Saturday, February 28, 2015

A Steep Road to Equality

From the mild "you are ungrateful" to the moderate "education has ruined you" to the extreme "you are breaking this family", I have faced it all. I'm sure there's more to come! 



Three years back, I was a 2nd year student of Psychology honours in Daulat Ram College, DU. In our department (Psychology department), 5 students got to do a research project in their final year and have their own dissertation. I had put forward 4 research areas of interest in my proposal, one of which was this:

Commonsense says that having an orientation inconsistent with societal values may be a risk factor for poor mental health. My first research proposal is a logical extension of this argument and is as follows: Are women who identify themselves as feminists more prone to psychological distress than women who identify with patriarchal values considering that the socio-cultural climate of India has historically been patriarchal?

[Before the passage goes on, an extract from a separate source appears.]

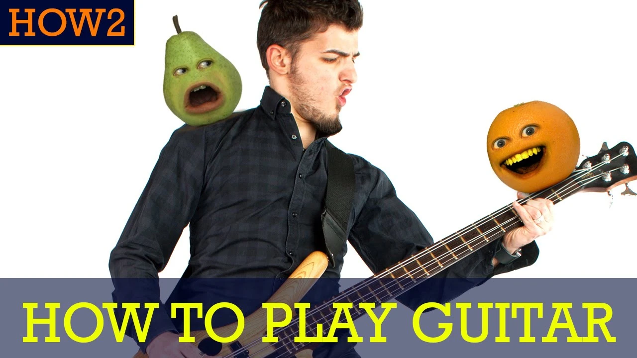 Orange and Pear try to teach you how to play a guitar.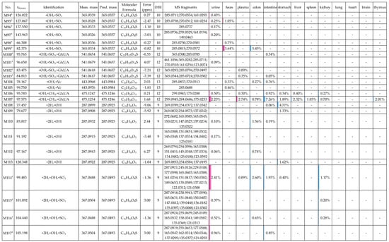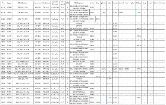 From Figure 14, we could find that: (1) in urine, M159 (12.68%, dihydroxylated medicarpin sulfate), M63 (11.86%, demethylated and hydroxylated medicarpin sulfate), M17 (7.18%, demethylated medicarpin sulfate), and M64 (5.34%) were four major metabolites and all of them were sulfates; it is an interesting phenomenon that sulfates other than glucuronides are major metabolites in urine, and the cause is unclear; (2) in feces, M18 (20.34%), M43 (10.35%), M34 (9.89%), M40 (8.86%), M3 (7.57%, Vc conjugate), and M27 (7.25%) were six major metabolites with a relative content higher than 5%, and three of them (M43, M34, M40) were demethylated and hydrogenated medicarpin sulfates; (3) in plasma, M1 (36.15%, medicarpin glucuronide), M5 (12.82%, vestitol-1’-O-glucuronide), M18 (10.81%), M65 (8.00%),and M40 (5.58%) were major metabolites; (4) M1 was the most abundant metabolite in the stomach, liver, spleen, kidney, lung, heart, and thymus. M5, M14 (demethylated medicarpin) were the most abundant metabolites in intestine and liver, respectively. M17 (demethylated medicarpin sulfate) was the most abundant metabolite in the colon and brain; (5) M1, M5 were detected in all 10 organs; M30 (demethylated and hydrogenated medicarpin glucuronide) was detected in nine organs (except the brain); M12 and M27 were detected in eight organs; therefore, these five metabolites were widely distributed in vivo. Considering the high abundance and wide distribution, we suggest that the bioactivities of these metabolites deserve further research in order to fully explain the pharmacological action mechanism of medicarpin. In addition, the reason for specific distribution of some metabolites (e.g., M2, M14, M20, M35, M40, M54, M109) also need further investigation.

Today as I was surfing the web, I chanced upon an article A Toxic Stew: Risks To Women Of Public Feminism. An anthropologist herself, the writer Barbara King analyses in this piece the recent phenomenon of deluge of misogynistic comments and psychological abuse hurled at feminists in the digital world and the harm such anti-feminist discourses do to women. When I read this article, I couldn't help but remember that what this article talks about is essentially what my first area of research interest was to explore in the Indian context! Not to say anything of my own experience of paying huge psychological costs for not being a demure creature and actually having a mind of my own (terrible things for a woman!). In India, considering that patriarchy is extremely deep rooted, and most of our population remains untouched by the liberating forces of education and modernization, I fear that the repercussions on women's psychological health would be still worse.